Pre-installed apps collect a wide range of information and send it to remote servers with little oversight or control, finds independent research
Software pre-installed on Android devices captures a wide range of data on users with little oversight on how that data is used, a new study has found.
The study by the Carlos III University in Madrid, along with IMDEA Networks and the International Computer Science Institute at the University of California, Berkeley, is one of the first to focus on applications that come pre-installed on users’ devices, meaning they are outside the controls built into Google’s Play Store.
Users also have little or no control over them, being generally unable to remove them or alter their settings.
While the findings did not discover any single point of data insecurity, researchers said they bring to light the extent of preinstalled apps’ reach, their lack of transparency and the way they stand outside the systems that regulate other Android software.
“The world of Android is like the jungle or like the Wild West, particularly in countries with little regulation for the protection of personal data,” co-author Juan Tapiador, a professor at Carlos III University in Madrid, told El Pais.
Narseo Vallina-Rodríguez of IMDEA Networks added that there is “no supervision” of the Android software imported and sold in the European Union, and little scrutiny of hardware.
Tapiador said that 91 percent of the pre-installed apps studied were not found on Google Play, meaning they were not subject to the same scrutiny by Google.
Using a custom firmware scanner, researchers found that some of the apps would contact servers belonging to the manufactuer or its affiliates, in some cases passing data along to those servers.
“At times, this information is massive and includes the technical characteristics of the phone, unique identifiers, location, contacts, messages and emails,” Tapiador said.
“All this is picked up by a server, which decides what to do with this. According to the country the device is in, the server could decide to install one app or another, or send the user certain ads over others.”
Another concern was the use of permissions that allow pre-installed apps to exchange data with apps the user adds to the device.
That communication could mean, for instance, that an app the user installs, and which is granted minimal permissions, may gather more far-reaching information from preinstalled apps, including location data, without the user’s knowledge, researchers said.

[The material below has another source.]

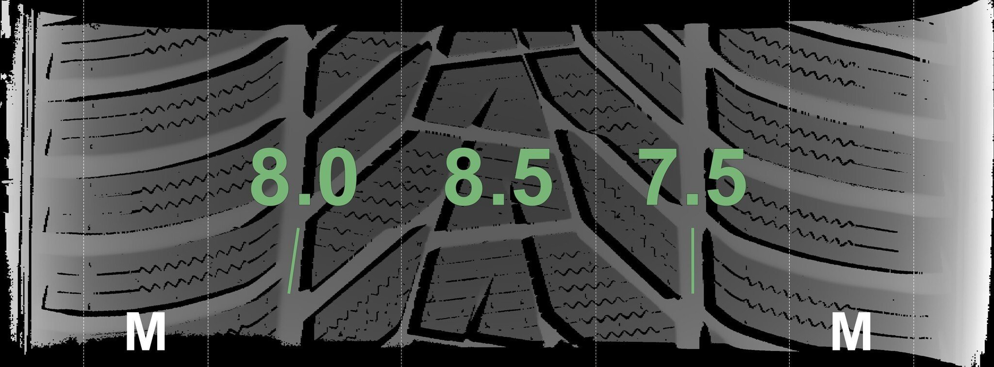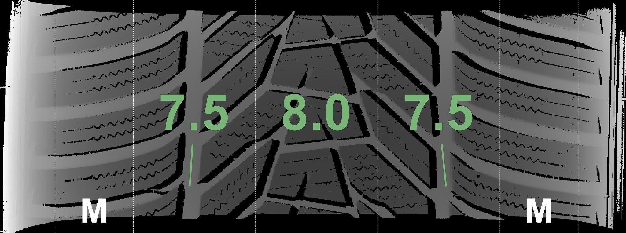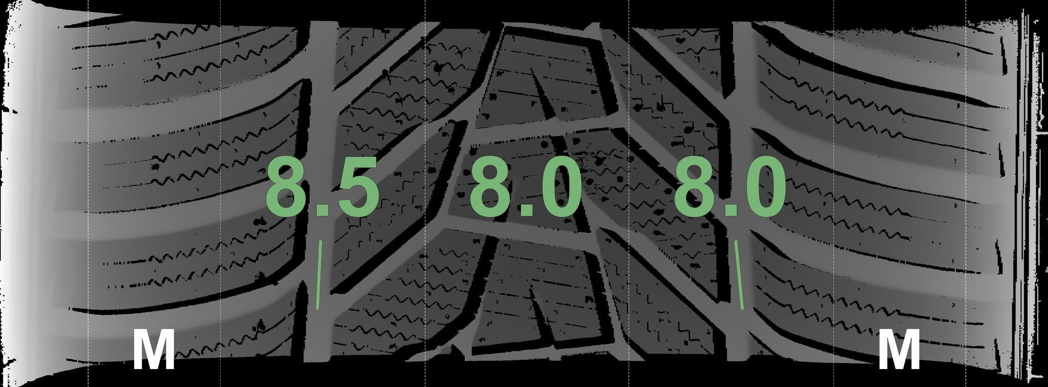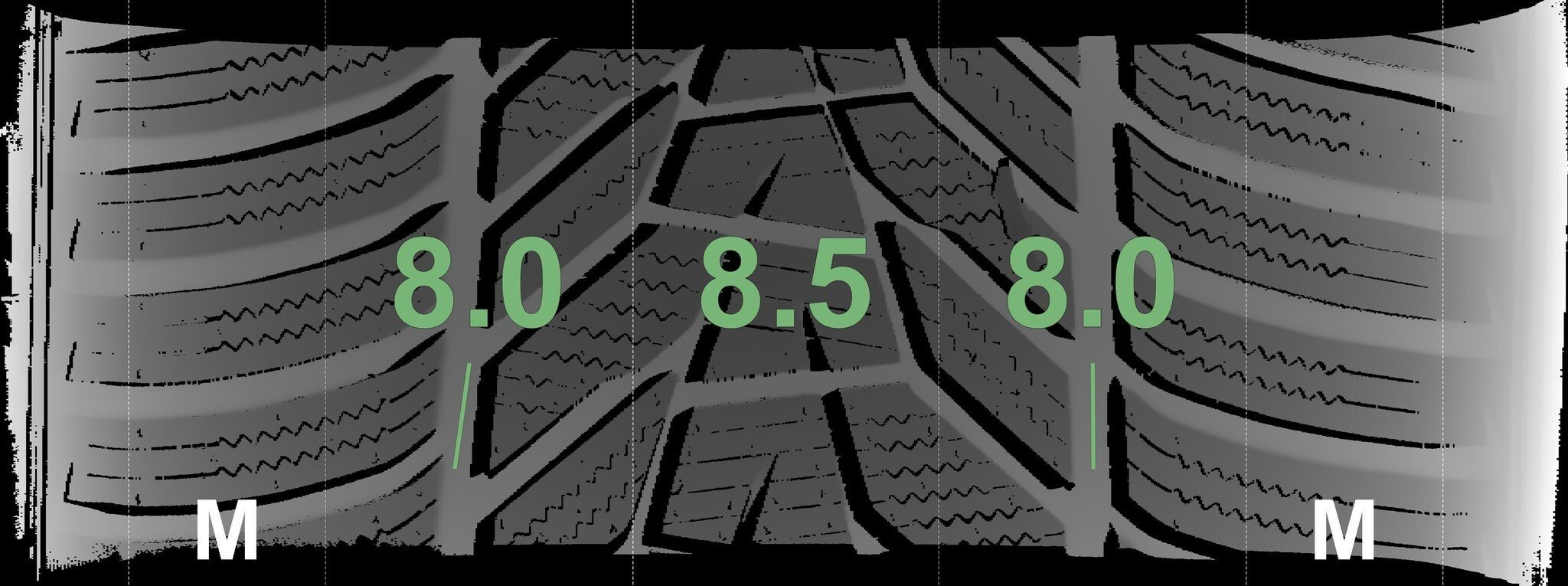 De gemeten profieldieptes en de details van de velgen zijn hierboven weergegeven.
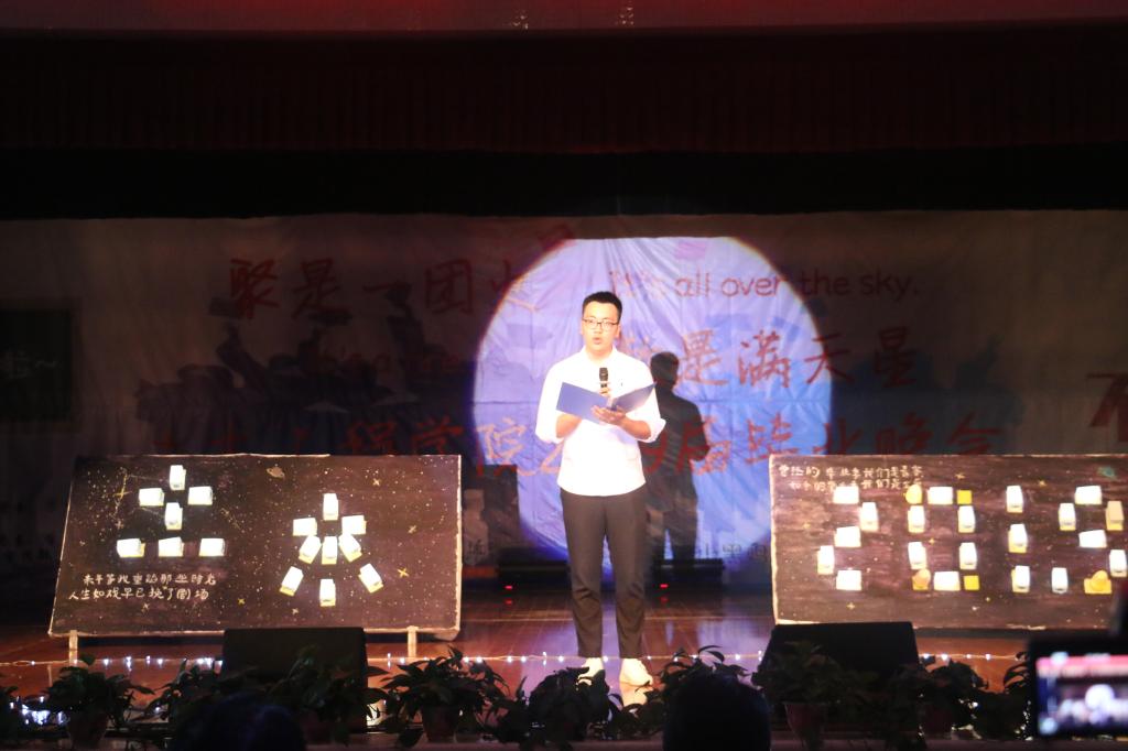 晚会伊始,一场激动人心的开场舞《喊出我的名字》带动了场面的气氛。随后,姚春梅书记上台发言。姚春梅书记指出毕业生要有自己的梦想与追求,对待工作要有担当,在社会上要勇于承担起自己的一份责任。作为土木人,要有“土承天下,木撑苍穹”的气魄,不辜负老师们的期待与厚望。随后,365英国上市集团17届员工会主席张钱鸿进行了发言。张钱鸿讲述了自己大学四年的生活经历,回顾了大学的点点滴滴,并激励同学们不忘初心,珍惜当下。发言过后,节目陆续上演。节目形式多种多样,丰富多彩,除了劲歌热舞、舞台剧、乐队表演,还有老师们倾情献唱的歌曲《永远的画面》。此次晚会为老师和毕业生们带来了一场视觉与听觉的盛宴。随着时间的流逝,晚会接近尾声。最后,所有参演人员一起合唱《毕业歌》,并与老师拍照留念。至此,本次毕业生欢送晚会圆满结束。

They also found that in many cases it’s difficult to determine who developed a particular pre-installed app, with some appearing to supply false identification information.
“Working out who the authors are has been an almost manual task, looking at who has signed each one and if it has any kind of chain that can be linked to a library or known manufacturer,” Vallina said.
He said it would be difficult to exercise regulatory control over all the possible versions of Android, due to the fact that it is widely customised.
“It would require a very expensive and extensive analysis,” Vallina said.
Google said it provides manufacturers with “clear policies” on privacy and security standards for pre-installed apps, along with tools to ensure that software meets those policies.
“We also… regularly give them information about potentially dangerous pre-loads we’ve identified,” Google said in a statement.
The study, which analysed 1,742 handsets from 214 manufacturers in 130 countries, is to be presented in May at the 2019 IEEE Symposium on Security and Privacy in San Francisco.